Long ago I found an approach to 3D modeling [1] that used a morphable model that was then morphed into the desired shape. Would something like this be possible for voice? A voice model obtained from a gigantic set of samples, that can be manually tuned to sound more masculine/feminine, higher/lower pitched and that can be morphed into the timbre of various samples.

- [1] https://www.youtube.com/watch?v=pSRA8GpWIrA

weinzierl · on Dec 28, 2021

By any chance, do you know which technology was used for the TikTok voice? While the voice itself is somewhat annoying I find the quality stunning. Any chance to reach this level with any of the models you mentioned?

Gigachad · on Dec 28, 2021

Is the quality that good? It seemed to me that text to speech was not a particularly hard problem when you can get someone to read out all the sounds of the language. And that the new advancement we have now is just being able to dump our normal speech audio and build a model based on that.

weinzierl · on Dec 28, 2021

Not sure. So far, I found every text to speech application quite uncanny. The ones that come with Windows, MacOS, Android, iOS are good, but not quite there. The TikTok one is the first to sound quite convincing for me.

Siri and Alexa are also good but I think they don't count, because they probably are not purely text to speech but presumably use a lot of prerecorded phrases, especially for the common answers.

JohnHaugeland · on Dec 28, 2021

i actively dislike the tiktok voice. i find the microsoft and google cloud voices to be much better.

weinzierl · on Dec 29, 2021

You are not alone. Especially when it is used in contexts that do not fit its overly enthusiastic upbeat mood the results range from slightly comical to deeply unsettling. Still, in my opinion it is really good from a technical point of view.

kragen · on Dec 28, 2021

By "lots of [high quality data]" do you mean seconds, kiloseconds, or megaseconds of high-quality voice recordings?

echelon · on Dec 28, 2021

Hours of audio comprised of clean spoken sentences, zero noise, and uniform microphone quality is ideal.
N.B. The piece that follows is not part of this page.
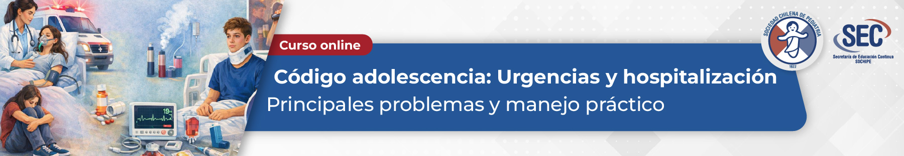 Curso de educación médica continua, dirigido a pediatras, médicos generales, médicos en formación, otros profesionales y equipos de la salud que trabajan en servicios de urgencia y con adolescentes hospitalizados. Está orientado a fortalecer la evaluación clínica, la toma de decisiones (triage/criterios de ingreso), la seguridad del paciente y el manejo integral biopsicosocial de los problemas más frecuentes en este grupo etario.

Some of the predominant base data sets used for transfer learning, such as LJSpeech [1], are unfortunately noisy and non-uniform.

[1] https://keithito.com/LJ-Speech-Dataset/

kragen · on Dec 29, 2021

Thank you very much!

iaml · on Dec 28, 2021

This paper[0] from this year seems to make do with a couple of minutes.

[0] https://davidyao.me/projects/text2vid/

oefrha · on Dec 28, 2021

IIRC enterprise solutions from the big clouds usually ask for at least hours of studio quality voice recordings for a custom voice model.

kragen · on Dec 28, 2021

Thanks! Do you think they're using models as good as the ones echelon uses at FakeYou? Maybe he can get by with less data.

echelon · on Dec 28, 2021

The best sounding limited data models have at least thirty minutes of audio data and have a similar pitch and timbre to a base data set. You can get by with less, but it requires finesse.